Годозо оказался прав. Нас провели через городские ворота к невольничьей тюрьме, а на следующее утро мы уже оказались в огороженных загонах рынка. Многие дрожали от страха, и только бичи надсмотрщиков заставляли их двигаться, чтобы покупатели могли рассмотреть и оценить их. Мы с Мегиддо пытались заговорить с каждым подходившим покупателем.
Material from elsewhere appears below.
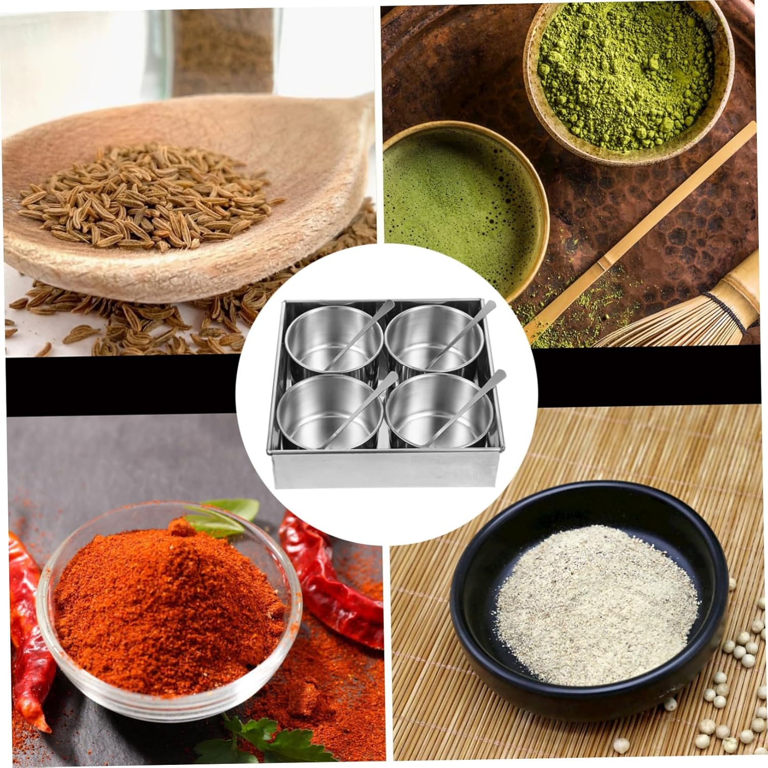 Package List 1 x tray with lid 4 x spice jar 4 x spoons Features -Material:201 stainless steel kitchen spice box -Size:10.00X10.00X5.50cm/3.93X3.93X2.16in condiment container -Size:22.00X22.00X6.00cm/8.65X8.65X2.36in square condiment case -Color:Silver containers with lids -Made from stainless steel, this container that your seasonings stay fresh for seasoning jar. -Suitable for storage of various seasonings, making delicious food simpler and more convenient for cooking. condiment case with lids -This seasoning box is an ideal anyone who enjoys cooking or hosting gatherings, very convenient seasoning container. -The sleek and modern design of this seasoning container makes it a addition to any kitchen decor stainless steel pot. -This spice jar is widely-used, suitable for kitchen, restaurant and other places, convenient cooking and seasoning household condiment storage pot.Goods Informationkitchen condiment container daily use and special occasions.kitchen condiment jar This is a seasoning jar, made of stainless steel materials for to use.stainless steel storage jar You can use it to store condiments, spices, etc by the large capacity to fit your needs.kitchen seasoning jar With its simple design, it is very and portable, easy to clean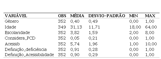Constam, na Tabela 1, as estatísticas descritivas que evidenciam o perfil médio dos respondentes da pesquisa. Em relação ao gênero, cerca de 40% dos respondentes eram do sexo masculino, com aproximadamente 31 anos e escolaridade variando entre ensino superior incompleto a completo. Dos respondentes, 5% se consideravam pessoa com deficiência, sendo mais frequente a deficiência física e a intelectual. Além disso, os questionários foram, em sua grande maioria, aplicados a discentes (249), docentes (71) e técnico-administrativos (24).

Работорговец привел воинов из царской охраны, которые заковали Пирата в цепи, а когда он начал сопротивляться, жестоко избили его. Когда Пирата уводили, мне стало его жаль.
Мегиддо чувствовал, что нам скоро суждено расстаться. Когда рядом не было покупателей, он серьезным тоном уговаривал меня, чтобы я не гнушался никакого труда: «Некоторые терпеть не могут работать. Работа для них хуже врага. А ведь к ней надо относиться как к другу, ее надо полюбить. Неважно, что она тяжела. Когда ты строишь красивый дом, не имеет значения, что балки тяжелые, а за водой для штукатурки приходится ходить далеко. Обещай мне, юноша, что если ты найдешь себе хозяина, то будешь трудиться на него изо всех сил. Неважно, если ему понравится не все, что ты делаешь. Запомни: хорошо сделанная работа приносит пользу в первую очередь тебе самому. Она сделает из тебя человека».
Он замолк, потому что в этот момент к нему подошел дородный крестьянин и начал придирчиво осматривать его.
Мегиддо поинтересовался его землей и посевами и вскоре убедил крестьянина, что является самым подходящим для него человеком. После ожесточенного торга с работорговцем крестьянин достал из-под одежды толстый кошелек, и вскоре Мегиддо скрылся из виду вместе со своим новым хозяином.
В первой половине дня было продано еще несколько человек. После полудня Годозо сообщил мне, что работорговец в плохом расположении духа и не останется здесь еще на одну ночь. К закату солнца он намерен передать всех оставшихся рабов царским скупщикам. Я был уже близок к отчаянию, но в это время к ограждению подошел толстый добродушный горожанин и поинтересовался, нет ли среди нас хлебопека.
Я подошел к нему и сказал: «Зачем хорошему хлебопеку искать себе другого хлебопека? Разве не проще научить своему ремеслу человека, который готов учиться и хорошо работать? Погляди на меня, я молод, силен и люблю работу. Дай мне возможность, и я сделаю все, что в моих силах, чтобы заработать золото и серебро для твоего кошелька».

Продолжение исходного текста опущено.